As in its first version, Clust&See proposes to partition an imported network using three algorithms: FT (Fusion-Transfer), an ascending hierarchical method fusing two clusters iteratively if the fusion results in a modularity gain3; TFIT (iterated Transfer-Fusion),4 a multi-level algorithm in which a vertex transfer procedure is performed to the best adjacent cluster while modularity increases, to finally compute a quotient graph. Both algorithms generate strict network partitions where clusters have no node in common. The third one, OCG (Overlapping Cluster Generator)5 is an ascending hierarchical method fusing two clusters at each step while modularity increases, starting from an overlapping class system. This leads to overlapping clusters where some nodes belong to several clusters.
For each cluster in a partition, Clust&See provides detailed information about the cluster: a visualization of the cluster's sub-network, and its main topological features (number of nodes, edges, density, etc.)

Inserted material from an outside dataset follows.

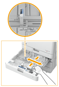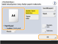 Kun muutat paperikoon, muuta paperikokomerkintä tarpeen mukaan (Asianmukaisen paperikoon tarran kiinnittäminen). Huomaa, että paperikokotarrassa saattaa olla paperikokoja, jotka eivät ole käytettävissä laitteen kanssa.

Each cluster can be viewed and explored independently, either in a compact mode as a metanode, or in an extended mode as the sub-network constituting the cluster (Figure 1). The decomposition of the complete network can be viewed as a set of metanodes linked by edges, the thickness of which is proportional to the number of links between pairs of nodes of the linked metanodes. When clusters are overlapping, another type of link is added between the metanodes to represent the nodes shared between clusters/metanodes. The thickness of this link is then proportional to the number of shared nodes. From this map, the metanodes can be individually switched to the extended mode to visualize the corresponding sub-network, and back. Finally, the user can build a custom map by iteratively adding sub-networks and/or metanodes to obtain a global view of the partition (Figure 1, central panel).

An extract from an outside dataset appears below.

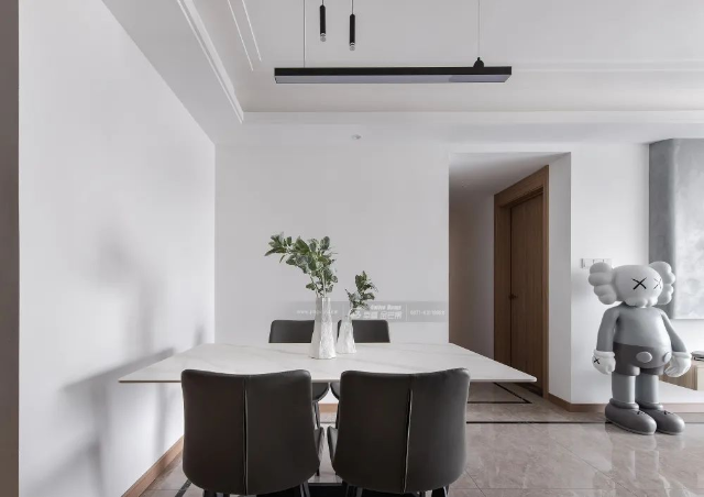 簡潔大氣的白色基調,搭配清新的綠植,加上頗有藝術感的卡通雕塑的襯托,整個空間簡單有序,層次自然。

The central panel shows (1) the starting network in the top left corner, (2) the quotient graph after TFit partitioning where modules are represented by blue nodes with the icon of the corresponding sub-network inside. The size of the node reflects the number of nodes contained by the module. The blue links correspond to the edges linking the modules, their width reflecting the number of involved interactions. (3) In the right low corner, module 60 is shown as an expanded network. As in the former version of Clust&See, the right panel shows the details of the subnetworks forming the modules with their characteristics. The lower panel (former Data panel) contains the results of the different Cluster and Annotation analyses.
The novel version of Clust&See3.0 now allows the user to annotate and analyze the nodes and the clusters as follows:
In order to annotate the clusters, Clust&See3.0 allows importing one or more annotation lists, composed of associations between a network node and one or more terms of any nature (see the Use case).

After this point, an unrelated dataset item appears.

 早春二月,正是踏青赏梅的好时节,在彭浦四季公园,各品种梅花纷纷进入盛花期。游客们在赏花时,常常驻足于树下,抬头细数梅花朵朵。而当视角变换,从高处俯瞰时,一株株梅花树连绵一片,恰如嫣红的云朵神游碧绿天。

The annotation file must be a text file and must contain at least two columns: one contains the node identifier (one identifier per line), the second one, the list of terms associated with this identifier, separated by a comma, a semicolon or a tab. The columns can also be separated by a comma, semicolon or tab, as long as the column separator is not the same as the term separator. The annotation import dialog box lets the user select the 2 columns of interest and eliminate any header lines.
After import, Clust&See3.0 provides the number and percentage of annotated nodes in the network. Then the annotation process can be performed.
Two types of enrichment can be computed for each annotation term, using the whole graph as background:
• A one-sided hypergeometric hypothesis test, the null hypothesis of which corresponds to the proportional distribution of the annotation terms between the nodes inside and the nodes outside the cluster. When the p-value of the hypergeometric test is sufficiently low to reject the null hypothesis, this indicates that the nodes of the cluster carry the term more frequently than expected by chance, thus pointing toward a potential enrichment. It should be noted that since this test is applied to all clusters, the Benjamini-Hochberg procedure6 is used to correct for the multiple testing effect on the p-values. The default value is set to p-values < 5.10-2.
• A majority rule, corresponding to a minimum percentage (to be chosen by the user) of nodes annotated to the term among the annotated nodes of the cluster. The default value is set to 50%.
For each annotation list, the user can perform a statistical analysis of the clusters and the annotation terms, with different goals. At first, a global analysis of the annotations of the partition can be performed. When choosing the “Cluster list” tab, Clust&See3.0 provides for each cluster, (i) the number of nodes in the cluster that have received at least one annotation term, (ii) the number of annotation terms appearing at least once in the cluster, (iii) the number of terms that are statistically enriched in the cluster with a hypergeometric test, or that annotate a majority of cluster nodes (i.e. with a “majority rule”). For both tests, thresholds are set by the user (Figure 1). Finally, (iv) the terms that are enriched in clusters are shown on demand (Figure 2A). This first type of analysis allows getting a global view of the annotation distribution and to quickly identify clusters that are enriched for annotation terms of interest.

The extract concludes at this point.